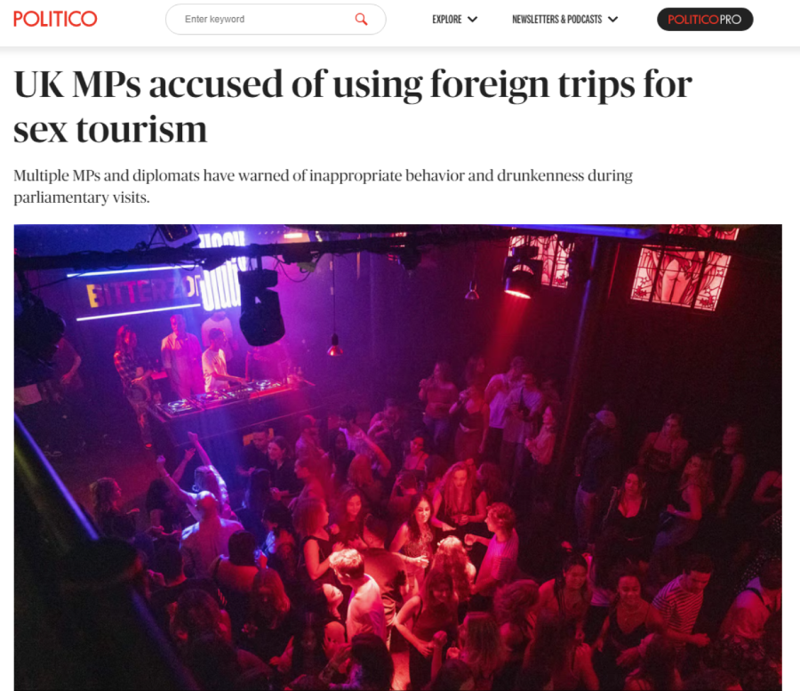 Ένας από τους βουλευτές, που πλέον είναι μέλος της Βουλής των Λόρδων, σε ταξίδι στη Νοτιοανατολική Ασία με κοινοβουλευτική ομάδα είχε ρωτήσει που είναι ο πλησιέστερος οίκος ανοχής. Άλλος ένας από τους Τόρις και πρώην υπουργός μάλιστα, έμενε ως αργά ψάχνοντας «ντόπιες γυναίκες» – και αν κρίνουμε από την μαρτυρία άλλου βουλευτή, αναζητούσε «πολύ νεαρά κορίτσια».
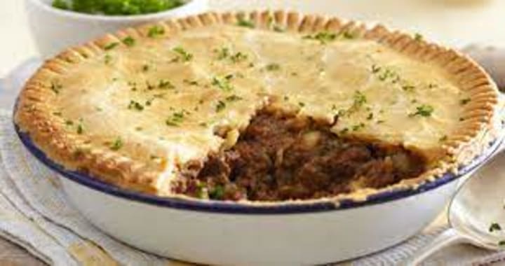 Meat and potato pie is comfort food. The pie crust is prepared with flour, beef suet, and cold water. The filling is a combination of beef or sometimes lamb chunks, onions, and potatoes. The pie is baked until golden brown and left to stand for a short time before serving. If preferred carrots can be added to the filling. It is served accompanied by red cabbage.
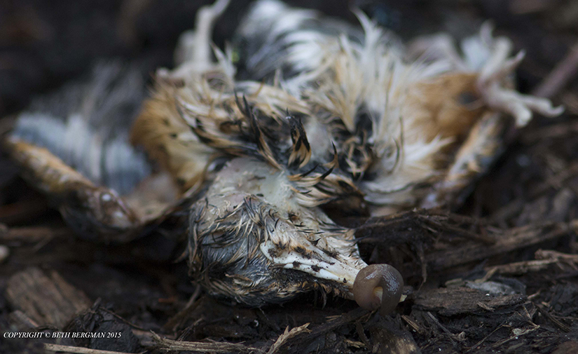 Only two big babies in nest. No sign of the third baby who had been inert the day before. |
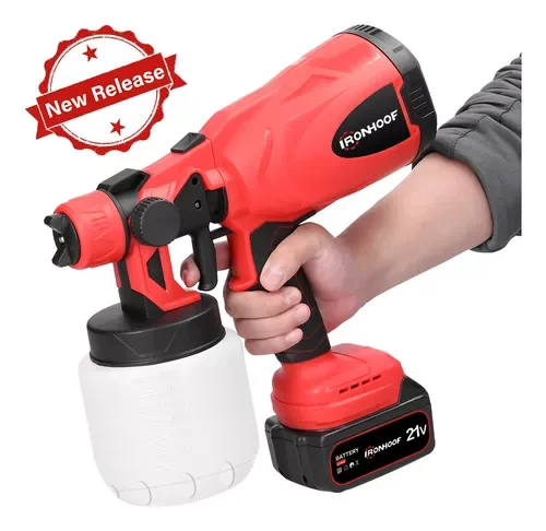 Пистолет-распылитель, 800 мл, беспроводной электрический распылитель краски, автомобильная мебель, стальное покрытие, аэрограф, совместимый с аккумулятором 18 В (цвет: 2 аккумулятора, красный)
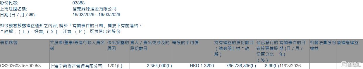 格隆汇3月16日丨根据联交所最新权益披露资料显示,2026年3月11日,信义能源(03868.HK)遭上海宁泉资产管理有限公司在场内以每股均价1.32港元减持235.4万股,涉资约310.73万港元。
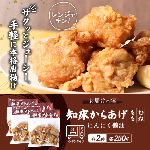 レンジで簡単 知床からあげ にんにく 醤油 もも肉 むね肉 1kgセット | オンライン申請 ふるさと納税 北海道 中標津 唐揚げ 全2種 250g×各2パック にんにく 醤油 レンチン 揚げたて 冷凍食品 時短 調理 鶏 ザンギ おかず 惣菜 弁当 専門店 店の味 お取り寄せ ワンストップ マイページ 肉のさとう 中標津町
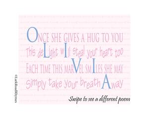 Tell them how loved they are with this one of a kind memento. Your poem will be a treasured reminder of a first birthday, baptism, First Communion, or other special event. I write name poems for confirmations, memorials, weddings, anniversaries, teachers, & family. The poem is written around the name. You give me the name, 10 letters or less, and I write a 4 line rhyming poem around it. If you need a poem with specific wording there are additional charges.
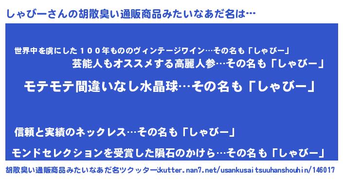 | 欧米人風あだ名 | 『マイケルしゃびー』『ダニエルしゃびー』 |
----
The lines to reproduce run from the line containing "格隆汇3月16日丨根据联交所" through the last line of the records above, both included. Copy them exactly and drop the pictures.

_EXERCISE RESULT_.
 格隆汇3月16日丨根据联交所最新权益披露资料显示,2026年3月11日,信义能源(03868.HK)遭上海宁泉资产管理有限公司在场内以每股均价1.32港元减持235.4万股,涉资约310.73万港元。
 レンジで簡単 知床からあげ にんにく 醤油 もも肉 むね肉 1kgセット | オンライン申請 ふるさと納税 北海道 中標津 唐揚げ 全2種 250g×各2パック にんにく 醤油 レンチン 揚げたて 冷凍食品 時短 調理 鶏 ザンギ おかず 惣菜 弁当 専門店 店の味 お取り寄せ ワンストップ マイページ 肉のさとう 中標津町
 Tell them how loved they are with this one of a kind memento. Your poem will be a treasured reminder of a first birthday, baptism, First Communion, or other special event. I write name poems for confirmations, memorials, weddings, anniversaries, teachers, & family. The poem is written around the name. You give me the name, 10 letters or less, and I write a 4 line rhyming poem around it. If you need a poem with specific wording there are additional charges.
 | 欧米人風あだ名 | 『マイケルしゃびー』『ダニエルしゃびー』 |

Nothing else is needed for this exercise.